State how many lines of the entries hold the string "sparkle". Reply with the number alone.

----- Materials provided -----

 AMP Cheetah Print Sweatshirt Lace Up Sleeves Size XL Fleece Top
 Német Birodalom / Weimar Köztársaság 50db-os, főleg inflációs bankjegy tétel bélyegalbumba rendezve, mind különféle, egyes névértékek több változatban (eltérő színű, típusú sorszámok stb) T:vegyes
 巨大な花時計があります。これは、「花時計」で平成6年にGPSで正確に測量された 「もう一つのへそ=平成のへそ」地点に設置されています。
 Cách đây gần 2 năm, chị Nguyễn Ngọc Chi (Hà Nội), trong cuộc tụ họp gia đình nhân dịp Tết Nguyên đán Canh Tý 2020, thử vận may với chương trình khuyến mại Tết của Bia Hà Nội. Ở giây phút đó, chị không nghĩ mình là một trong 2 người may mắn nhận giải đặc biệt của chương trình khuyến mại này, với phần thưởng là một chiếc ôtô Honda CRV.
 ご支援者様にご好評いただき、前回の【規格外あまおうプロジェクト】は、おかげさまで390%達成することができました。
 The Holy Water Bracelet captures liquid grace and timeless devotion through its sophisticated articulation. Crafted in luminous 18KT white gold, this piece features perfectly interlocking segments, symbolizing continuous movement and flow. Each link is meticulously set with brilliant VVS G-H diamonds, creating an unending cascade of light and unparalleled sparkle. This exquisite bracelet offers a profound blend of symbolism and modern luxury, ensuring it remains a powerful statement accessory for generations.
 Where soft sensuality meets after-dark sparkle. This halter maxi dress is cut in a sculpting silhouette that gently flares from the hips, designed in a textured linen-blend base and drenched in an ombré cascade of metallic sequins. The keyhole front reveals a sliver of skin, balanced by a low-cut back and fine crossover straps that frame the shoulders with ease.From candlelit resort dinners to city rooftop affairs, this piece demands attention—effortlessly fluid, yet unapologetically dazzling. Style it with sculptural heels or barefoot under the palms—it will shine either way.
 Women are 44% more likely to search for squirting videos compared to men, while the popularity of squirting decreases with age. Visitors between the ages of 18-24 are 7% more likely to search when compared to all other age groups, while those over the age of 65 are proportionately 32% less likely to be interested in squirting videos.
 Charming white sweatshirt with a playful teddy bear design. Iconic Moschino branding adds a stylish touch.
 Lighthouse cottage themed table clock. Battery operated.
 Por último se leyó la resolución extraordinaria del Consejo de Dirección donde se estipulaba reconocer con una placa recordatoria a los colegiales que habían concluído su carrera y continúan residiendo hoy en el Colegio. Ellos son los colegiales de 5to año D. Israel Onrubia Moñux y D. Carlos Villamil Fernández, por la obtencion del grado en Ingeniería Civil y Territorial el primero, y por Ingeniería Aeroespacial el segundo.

-----
----- Materials provided -----

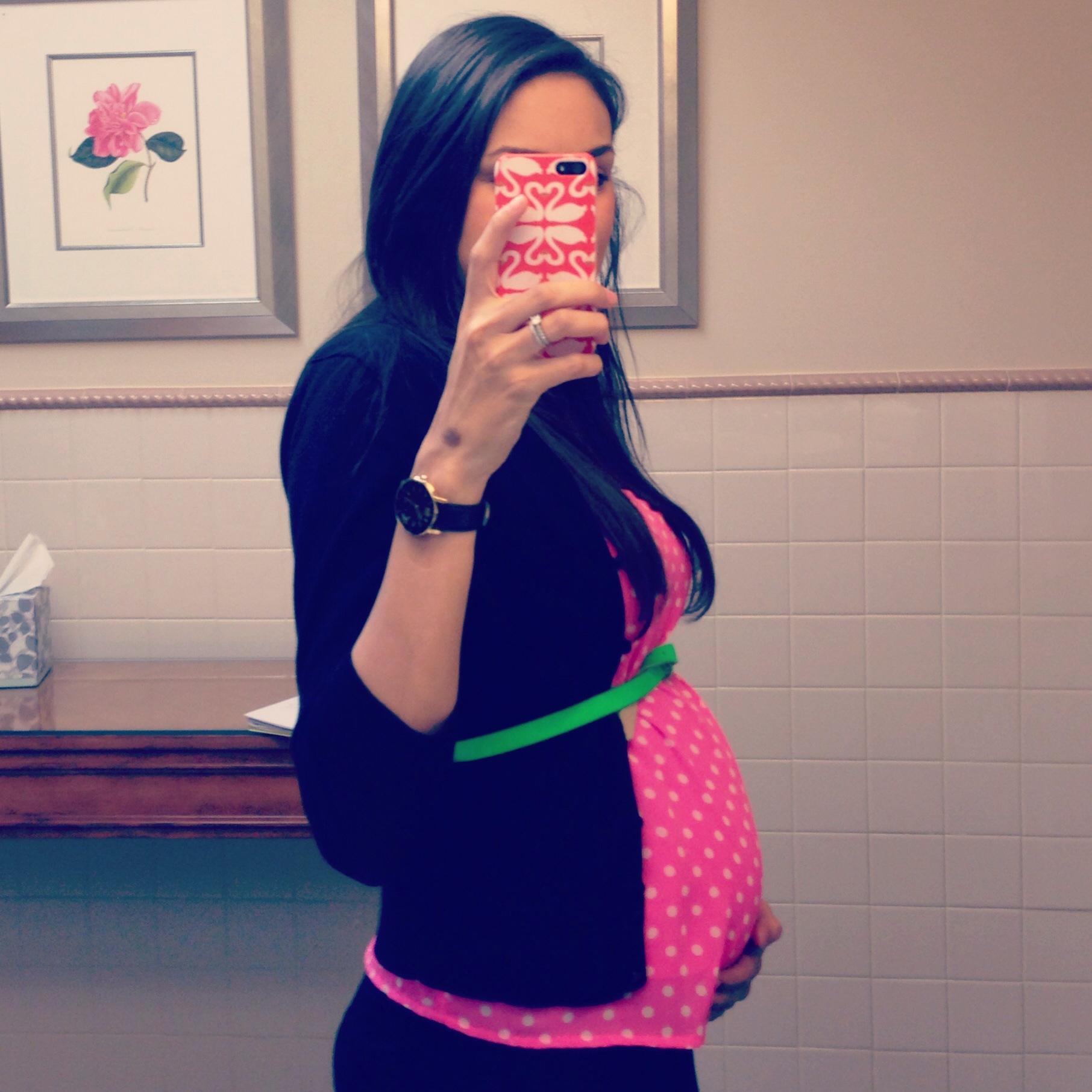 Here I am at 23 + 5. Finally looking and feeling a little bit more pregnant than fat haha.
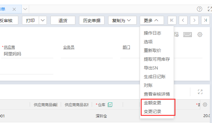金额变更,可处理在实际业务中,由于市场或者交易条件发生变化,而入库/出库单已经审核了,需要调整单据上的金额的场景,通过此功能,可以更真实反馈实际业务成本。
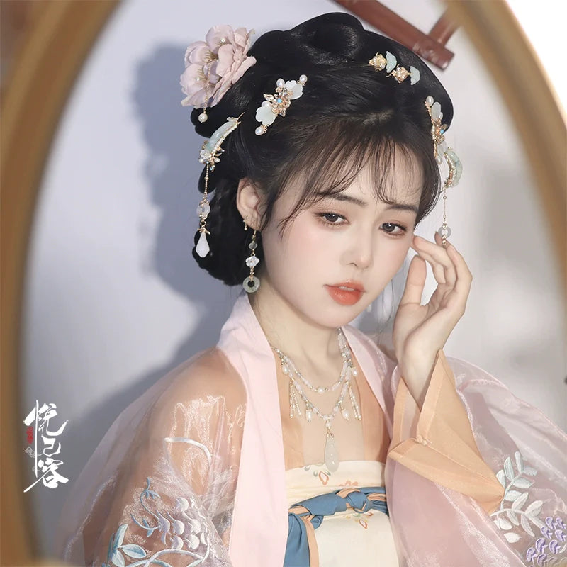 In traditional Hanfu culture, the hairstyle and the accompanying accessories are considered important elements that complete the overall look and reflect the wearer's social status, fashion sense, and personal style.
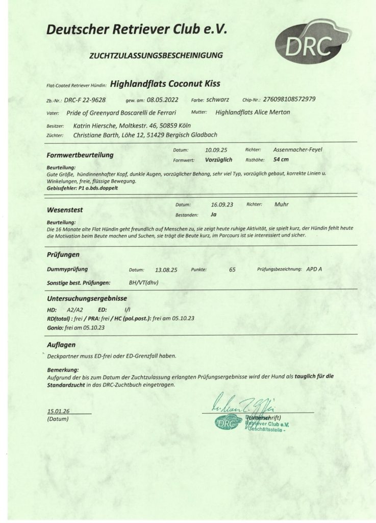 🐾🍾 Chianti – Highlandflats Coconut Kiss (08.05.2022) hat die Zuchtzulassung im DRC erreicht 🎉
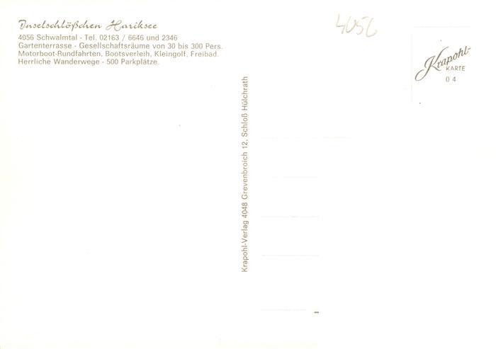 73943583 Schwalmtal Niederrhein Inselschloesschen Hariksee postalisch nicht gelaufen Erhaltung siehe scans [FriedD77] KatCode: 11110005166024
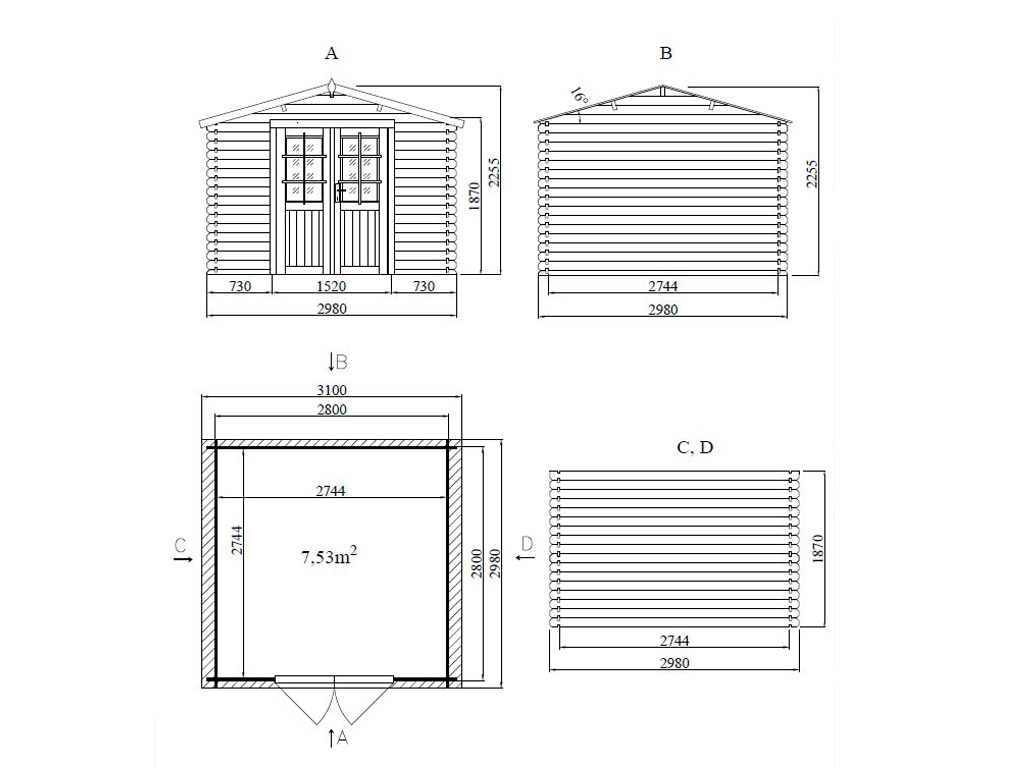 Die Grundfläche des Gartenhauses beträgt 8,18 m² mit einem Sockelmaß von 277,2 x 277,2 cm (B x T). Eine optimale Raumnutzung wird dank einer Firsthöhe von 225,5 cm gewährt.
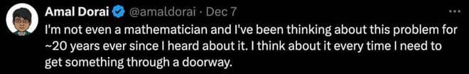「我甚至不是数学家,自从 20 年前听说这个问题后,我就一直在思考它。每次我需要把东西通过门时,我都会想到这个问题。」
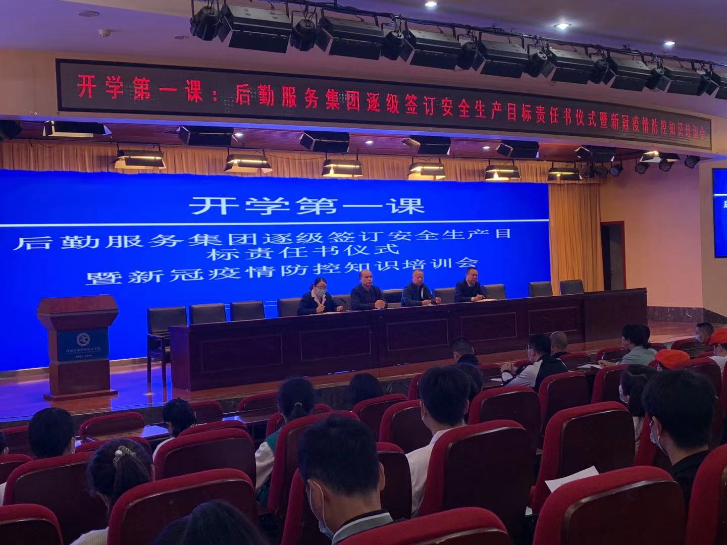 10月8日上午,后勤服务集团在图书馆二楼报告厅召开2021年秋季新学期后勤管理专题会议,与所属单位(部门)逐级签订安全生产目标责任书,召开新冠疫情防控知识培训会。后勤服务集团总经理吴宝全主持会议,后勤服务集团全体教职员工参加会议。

-----

- Answer for the task -
2